### [AVAILABLE DATA]
──────

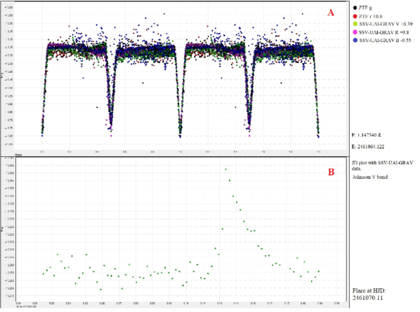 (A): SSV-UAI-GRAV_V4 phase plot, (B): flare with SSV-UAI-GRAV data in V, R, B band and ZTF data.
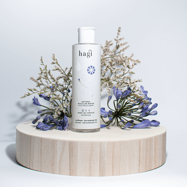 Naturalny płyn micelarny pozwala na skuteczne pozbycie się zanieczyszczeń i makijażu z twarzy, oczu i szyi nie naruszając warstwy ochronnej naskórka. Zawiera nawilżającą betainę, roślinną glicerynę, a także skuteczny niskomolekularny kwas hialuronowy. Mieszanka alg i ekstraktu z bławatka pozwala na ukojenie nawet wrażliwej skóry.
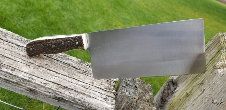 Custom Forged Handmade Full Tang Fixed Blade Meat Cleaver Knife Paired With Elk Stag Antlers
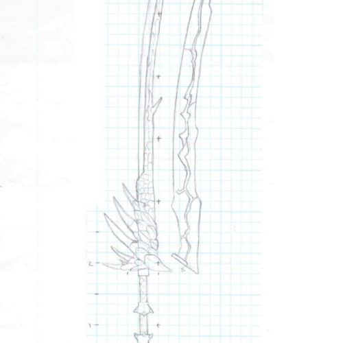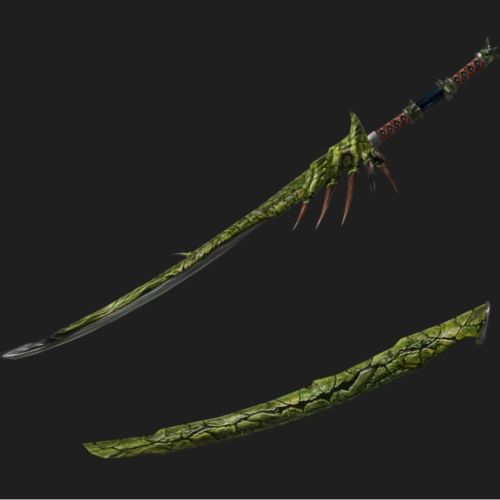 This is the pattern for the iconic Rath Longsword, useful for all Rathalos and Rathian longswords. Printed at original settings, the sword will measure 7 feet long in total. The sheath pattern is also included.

──────

Write out the data once more exactly, omitting the pictures.

 (A): SSV-UAI-GRAV_V4 phase plot, (B): flare with SSV-UAI-GRAV data in V, R, B band and ZTF data.
 Naturalny płyn micelarny pozwala na skuteczne pozbycie się zanieczyszczeń i makijażu z twarzy, oczu i szyi nie naruszając warstwy ochronnej naskórka. Zawiera nawilżającą betainę, roślinną glicerynę, a także skuteczny niskomolekularny kwas hialuronowy. Mieszanka alg i ekstraktu z bławatka pozwala na ukojenie nawet wrażliwej skóry.
 Custom Forged Handmade Full Tang Fixed Blade Meat Cleaver Knife Paired With Elk Stag Antlers
 This is the pattern for the iconic Rath Longsword, useful for all Rathalos and Rathian longswords. Printed at original settings, the sword will measure 7 feet long in total. The sheath pattern is also included.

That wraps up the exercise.